**Problem to work on**
For the entries below, the result should be an exact transcription of the lines from the one with "Guess Cognac Solid" up to and including the one with "Van fossielen uit", and only those.

Dataset records:
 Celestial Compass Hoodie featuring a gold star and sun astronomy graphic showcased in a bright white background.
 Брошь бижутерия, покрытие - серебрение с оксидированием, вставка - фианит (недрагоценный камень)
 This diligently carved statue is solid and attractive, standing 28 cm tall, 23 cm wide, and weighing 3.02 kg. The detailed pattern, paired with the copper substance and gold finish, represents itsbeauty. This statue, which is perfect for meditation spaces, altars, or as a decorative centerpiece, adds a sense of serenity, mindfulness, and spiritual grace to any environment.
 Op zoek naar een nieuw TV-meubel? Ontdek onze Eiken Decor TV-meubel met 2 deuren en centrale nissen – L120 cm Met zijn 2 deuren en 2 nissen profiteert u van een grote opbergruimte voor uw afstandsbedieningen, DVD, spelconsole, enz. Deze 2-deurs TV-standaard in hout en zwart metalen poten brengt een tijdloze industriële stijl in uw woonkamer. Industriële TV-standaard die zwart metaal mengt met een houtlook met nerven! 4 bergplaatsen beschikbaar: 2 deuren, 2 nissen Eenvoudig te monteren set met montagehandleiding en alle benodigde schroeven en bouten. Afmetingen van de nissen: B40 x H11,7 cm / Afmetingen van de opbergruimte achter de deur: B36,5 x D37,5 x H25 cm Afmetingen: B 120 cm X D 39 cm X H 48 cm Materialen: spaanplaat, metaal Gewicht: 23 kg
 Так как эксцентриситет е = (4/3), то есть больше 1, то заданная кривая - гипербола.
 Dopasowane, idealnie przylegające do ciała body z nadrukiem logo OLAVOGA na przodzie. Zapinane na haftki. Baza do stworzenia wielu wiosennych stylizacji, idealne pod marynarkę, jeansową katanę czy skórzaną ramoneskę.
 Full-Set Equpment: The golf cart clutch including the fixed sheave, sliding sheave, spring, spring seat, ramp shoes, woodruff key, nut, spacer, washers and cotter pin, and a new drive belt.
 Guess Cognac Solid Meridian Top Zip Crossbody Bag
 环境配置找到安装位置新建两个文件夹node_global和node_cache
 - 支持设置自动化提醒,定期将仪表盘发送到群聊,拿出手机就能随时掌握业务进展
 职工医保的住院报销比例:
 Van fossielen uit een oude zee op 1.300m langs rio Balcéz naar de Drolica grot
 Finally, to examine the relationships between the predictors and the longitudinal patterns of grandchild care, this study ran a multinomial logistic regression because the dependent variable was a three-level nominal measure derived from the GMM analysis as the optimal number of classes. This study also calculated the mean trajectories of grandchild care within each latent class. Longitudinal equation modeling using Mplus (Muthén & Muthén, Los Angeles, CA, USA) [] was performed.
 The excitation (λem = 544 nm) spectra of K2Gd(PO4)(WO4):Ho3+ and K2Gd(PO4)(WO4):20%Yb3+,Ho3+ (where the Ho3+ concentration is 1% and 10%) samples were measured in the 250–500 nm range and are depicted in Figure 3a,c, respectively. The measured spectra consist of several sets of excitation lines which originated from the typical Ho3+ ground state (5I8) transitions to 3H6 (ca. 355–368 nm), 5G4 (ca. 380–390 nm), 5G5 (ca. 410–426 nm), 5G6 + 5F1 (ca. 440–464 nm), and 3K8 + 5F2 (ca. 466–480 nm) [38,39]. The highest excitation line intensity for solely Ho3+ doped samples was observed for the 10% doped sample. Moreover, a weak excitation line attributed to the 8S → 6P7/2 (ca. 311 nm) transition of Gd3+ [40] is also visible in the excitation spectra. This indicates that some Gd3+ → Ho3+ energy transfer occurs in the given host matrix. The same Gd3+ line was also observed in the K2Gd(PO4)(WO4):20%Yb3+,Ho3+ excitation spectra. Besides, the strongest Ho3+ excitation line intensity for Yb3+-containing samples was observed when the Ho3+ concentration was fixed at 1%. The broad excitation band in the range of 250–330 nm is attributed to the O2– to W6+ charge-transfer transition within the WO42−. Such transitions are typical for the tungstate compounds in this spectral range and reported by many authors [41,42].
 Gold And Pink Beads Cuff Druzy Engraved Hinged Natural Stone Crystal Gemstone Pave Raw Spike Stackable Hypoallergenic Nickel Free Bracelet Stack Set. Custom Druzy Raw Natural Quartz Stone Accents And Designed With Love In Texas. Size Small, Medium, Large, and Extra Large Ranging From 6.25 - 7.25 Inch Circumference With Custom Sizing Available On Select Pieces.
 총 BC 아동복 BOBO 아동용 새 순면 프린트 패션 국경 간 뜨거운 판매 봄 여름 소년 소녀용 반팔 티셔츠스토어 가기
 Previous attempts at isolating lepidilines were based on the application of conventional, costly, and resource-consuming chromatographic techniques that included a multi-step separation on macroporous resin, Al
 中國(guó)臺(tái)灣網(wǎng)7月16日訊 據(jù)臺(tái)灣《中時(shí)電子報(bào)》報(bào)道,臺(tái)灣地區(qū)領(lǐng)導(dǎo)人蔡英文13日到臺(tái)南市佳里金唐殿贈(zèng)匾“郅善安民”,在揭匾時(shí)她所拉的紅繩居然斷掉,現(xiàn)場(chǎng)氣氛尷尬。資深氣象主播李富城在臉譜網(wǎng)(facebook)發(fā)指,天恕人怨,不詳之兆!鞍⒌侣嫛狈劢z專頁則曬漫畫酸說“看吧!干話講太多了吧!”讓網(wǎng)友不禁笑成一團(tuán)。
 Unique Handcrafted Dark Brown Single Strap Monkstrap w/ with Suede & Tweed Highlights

**Completed task**
 Guess Cognac Solid Meridian Top Zip Crossbody Bag
 环境配置找到安装位置新建两个文件夹node_global和node_cache
 - 支持设置自动化提醒,定期将仪表盘发送到群聊,拿出手机就能随时掌握业务进展
 职工医保的住院报销比例:
 Van fossielen uit een oude zee op 1.300m langs rio Balcéz naar de Drolica grot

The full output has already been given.